Helicopters being transported

Expeditionary Air Force

Expeditionary Air Force

The EAG model is highly successful and the nature of the Force structure endures. Today the 83 EAG has under its command a diverse and compelling mix of capabilities. This enables the RAF to offer the very best support to the Land Forces across the entire spectrum of Air Power roles – Attack, Air Mobility, Control of the Air and Intelligence.

Expeditionary Air Wings

The Expeditionary Air Wing (EAW) concept has its origins in the Second World War when EAWs were established so that the Royal Air Force could project Allied Air Power all around the world. This expeditionary nature of our forces changed during the Cold War era which signalled a move to largely static forces with a home defence posture being adopted by western military forces. However, the end of the Cold War has seen a dramatic shift of focus back to expeditionary operations.

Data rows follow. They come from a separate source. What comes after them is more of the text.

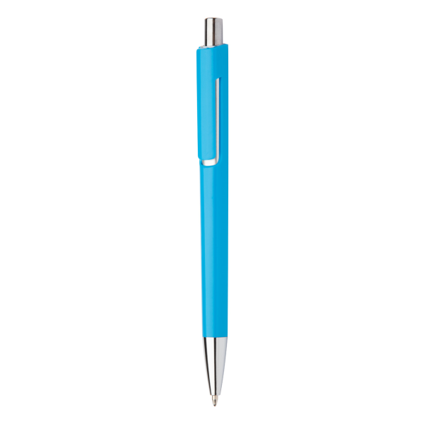 Plastic ballpoint pen with coloured barrel and chrome parts. With blue refill.
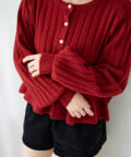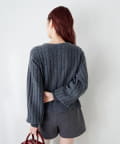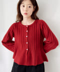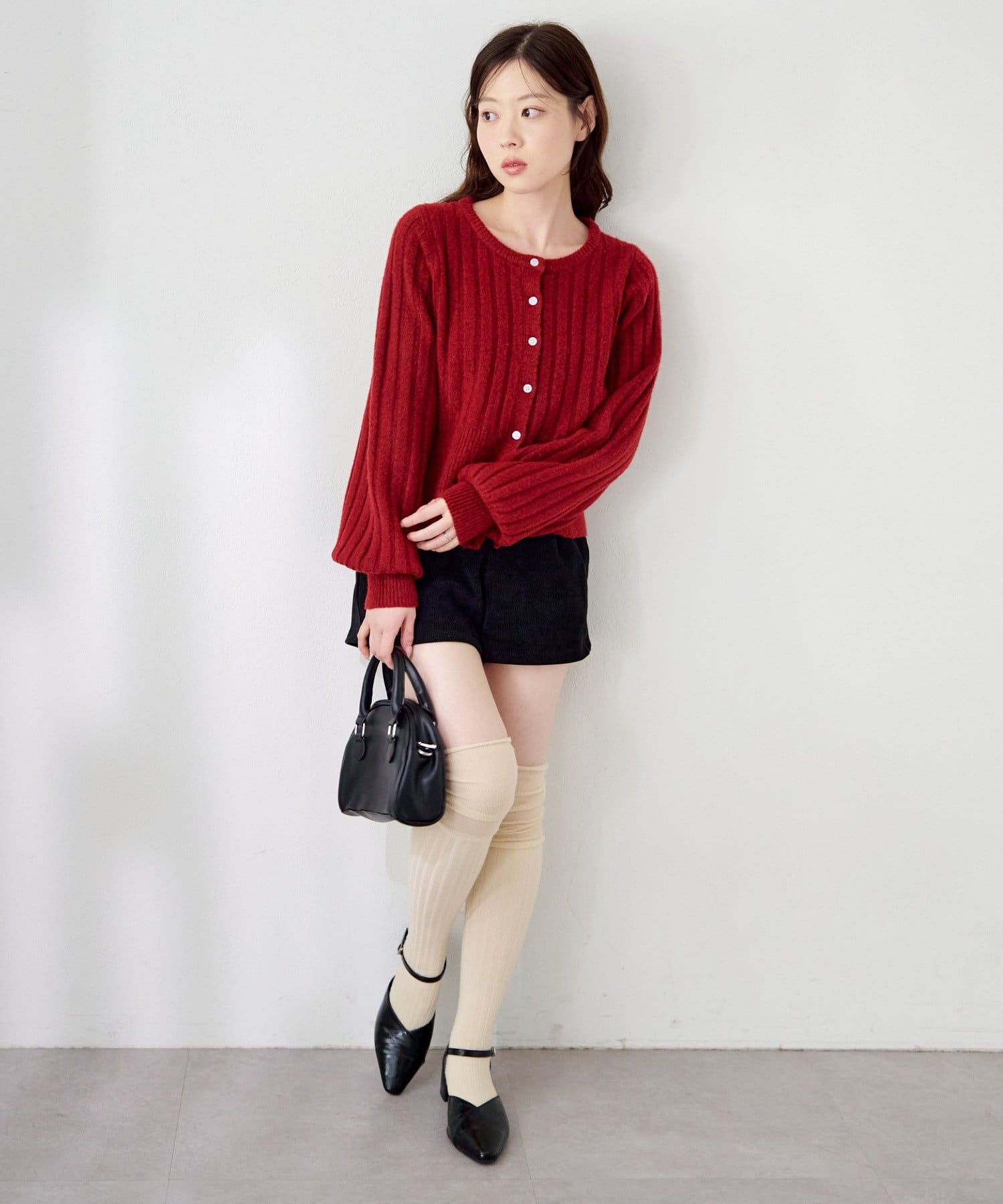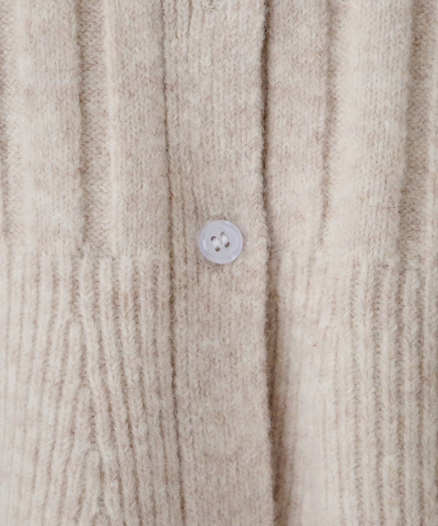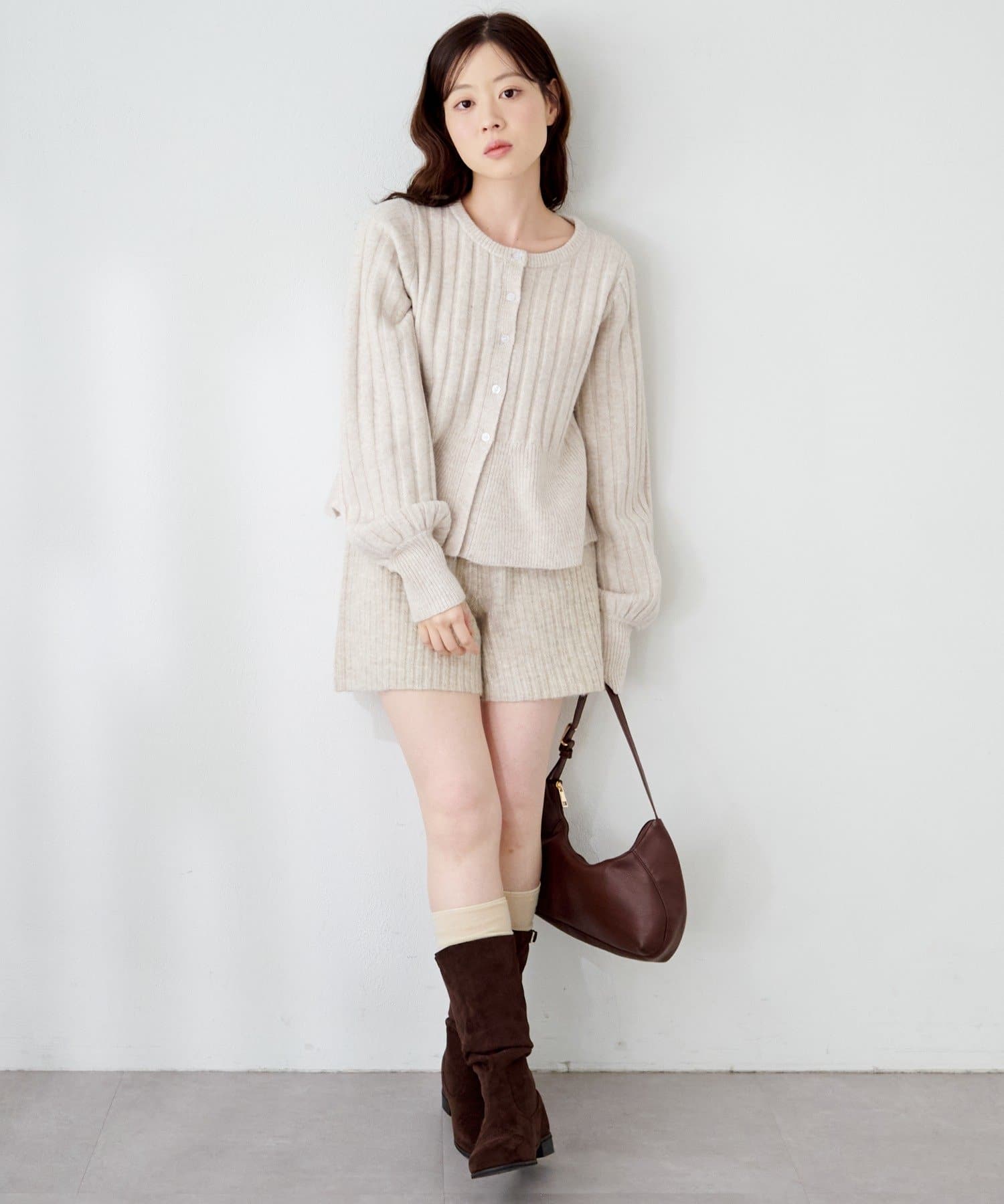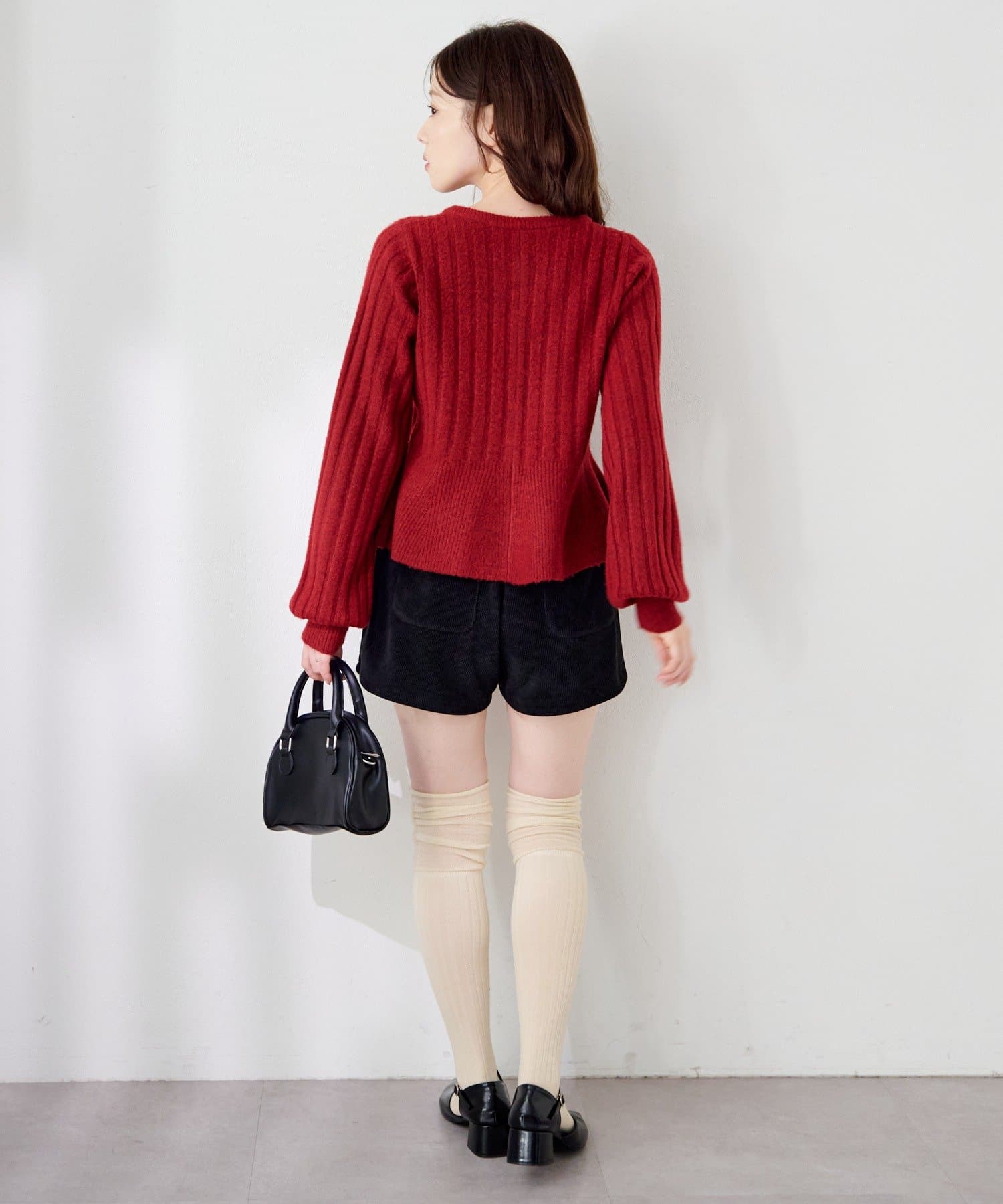 ウエスト部分にふんわり広がるペプラムシルエットが女性らしい印象を演出するリブニットカーディガン。
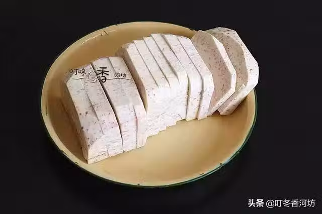 1、香芋去皮沖洗乾淨切片,然後放入蒸鍋,大火蒸20分鐘熟透,起鍋放入大點盆中加少許開水用擀子攪拌成芋頭泥。
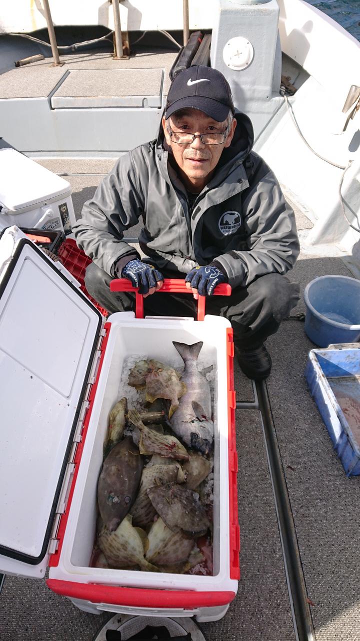 11月11日カワハギ釣りにサンバソウ交じりで釣る人40匹。

As a result of the need to provide a more agile, adaptable and scaleable RAF to meet the demands of modern expeditionary operations, the EAW concept was re-introduced in April 2006. This renewal of the concept is to enable the RAF to provide a more interoperable, capable and effective projection of modern expeditionary air power. Most future overseas deployments of the RAF will probably be based upon the deployment of an EAW.

Four principal benefits are hoped to derive from the EAW concept. These are: delivery of a more focussed operational effect from the outset of any deployment; a more cohesively trained body of manpower; a broader understanding of air power capability; and a more inclusive formation identity at home and on deployed ops.

This roughly translates as: deploying as a more capable and efficient team to provide effective support to the squadrons from day one of any deployment; training EAW personnel from across the stn to work together as that more capable and efficient team; helping our personnel, our sister services and our coalition partners understand what the RAF can achieve on operations and how we do it; and giving personnel a unit identity to unite under and feel a part of – improving ethos and esprit de corps.

The aim of EAWs is to re-brigade our forces to generate a readily identifiable structure that is better able to deploy discrete units of agile, scalable, interoperable and capable air power. An EAW should be the structure that provides agile, scalable, interoperable air power that can be readily identified as a deployable force.

The objectives of re-brigading our forces into EAWs are fourfold:

  • To achieve greater operational synergy, delivering focused operational effects from the outset of a deployment.
  • To generate a more cohesive trained audience.
  • To engender more widely a greater understanding of the capability of air power.
  • To achieve a more inclusive formation identity.